1. 国におけるグリーンインフラの位置付け

 グリーンインフラの定義を平たく言えば、「道路や河川、公園、まちづくりなどのハード・ソフトを設計するときに、森や川、農地、公園など自然がもつ多様な働きを活用しながら、持続可能で魅力ある地域づくりを進める考え方」がグリーンインフラです。従来のコンクリート中心のインフラ(いわゆるグレーインフラ)は、機能が単目的になりがちで、更新のたびに大きな投資を必要とし、風景や生きものとの相性が悪いことも多いという弱点がありました。自然を活かしたインフラは、雨水貯留や浸水対策、暑さ対策、景観向上、観光・関係人口の増加、生物多様性保全や健康増進、コミュニティ形成など、ひとつの投資で複数の効果を同時に狙える存在です。

 国際的には、OECDの「環境パフォーマンスレビュー日本2025年版」は、日本について次のように評価しています。

  • 日本ではNbS(自然を活用した解決策)が「着実に存在感を増している」

  • 沿岸湿地の保全・再生や、都市における自然を活かした開発などの取り組みが進んでいる

  • 一方で、自然地の人工化(土地の被覆)の抑制や、ネイチャーポジティブな都市開発のさらなる促進が必要である (OECD)

つまり国際機関から見て、「日本はグリーンインフラを既に使い始めている国」であり、「もっと伸ばすべきだ」と言われている状況です。

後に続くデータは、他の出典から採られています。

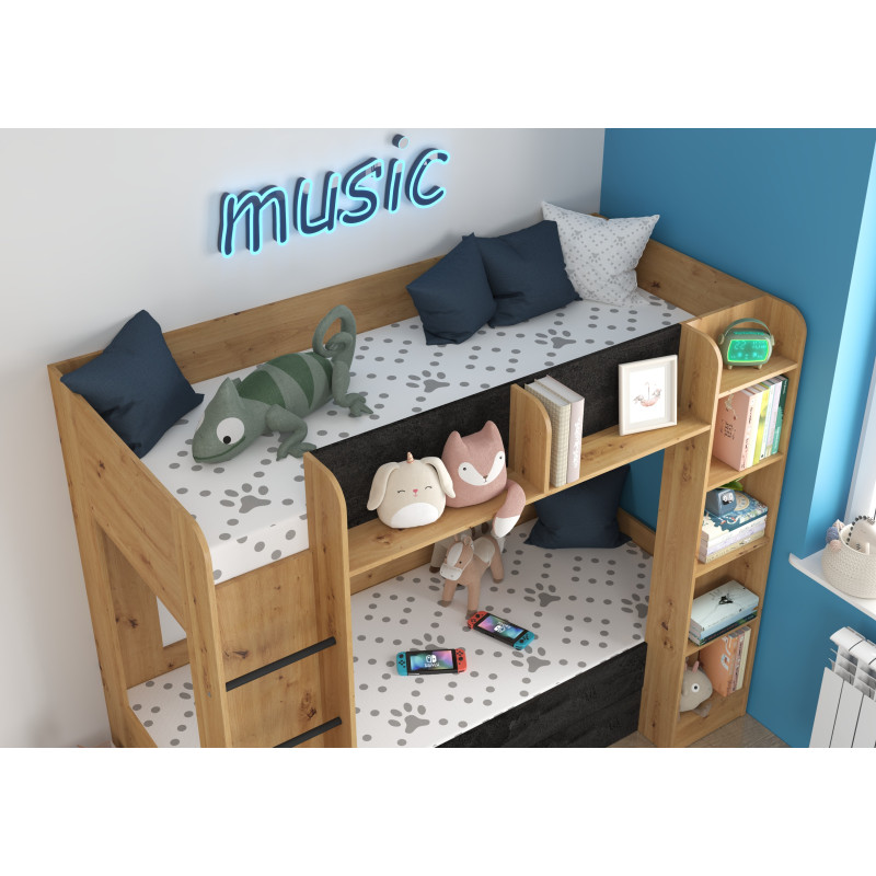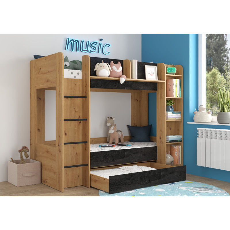 Łóżko piętrowe Everest L z szufladą Dąb Artisan/Beton czarny

 実際、日本は「グリーンインフラ」という用語を、2014年から国家レベルの戦略文書に正式に導入した「アーリーアダプター」であり、流域ガバナンスや洪水管理、生態系ネットワーク・緑地計画、防災・減災、都市のグリーン戦略など、多分野でグリーンインフラが位置づけられており、政策上の位置づけは、「技術的な手段」から、「制度化された管理フレームワーク」へと移行しつつあります。国土交通省が2023年に策定した「グリーンインフラ推進戦略2023」は、2019年の戦略を全面改訂し、「コンセプト段階から本格実装段階へ移行した」と記載されています。この戦略では、ネイチャーポジティブ(自然再興)、グリーントランスフォーメーション(GX)といった国全体のキーワードとの整合を取りつつ、グリーンインフラを「あらゆる分野に横展開する」として位置づけています。2020年3月に設立された「グリーンインフラ官民連携プラットフォーム」は、国・自治体・企業・大学・個人などが参加する全国的な枠組みで、2025年2月時点で、会員数が2,036団体・個人に達しています (MLIT)。一方で、都道府県・市区町村の会員は、全自治体数の約7.5%にとどまるともされており、自治体側の活用度合いには伸びしろが大きいようです。国土交通省は2024年9月、「グリーンインフラの事業・投資のすすめ(経済的価値の見える化を通じた都市開発・まちづくり投資の促進に向けて)」を公表、グリーンインフラの経済的便益を、物流施設・住宅・公園・道路・里山・沿岸・未利用地などのケースごとに整理して、グリーンインフラが地価や賃料などに与える「グリーンプレミアム」の波及効果を、ロジックモデルで分析して、環境認証や評価制度と組み合わせた投資・融資の事例、クラウドファンディングや「ふるさと納税」との連携など、具体的な資金調達手法を列挙しています。つまり、日本もいよいよ本格実装が始まっているという状況です。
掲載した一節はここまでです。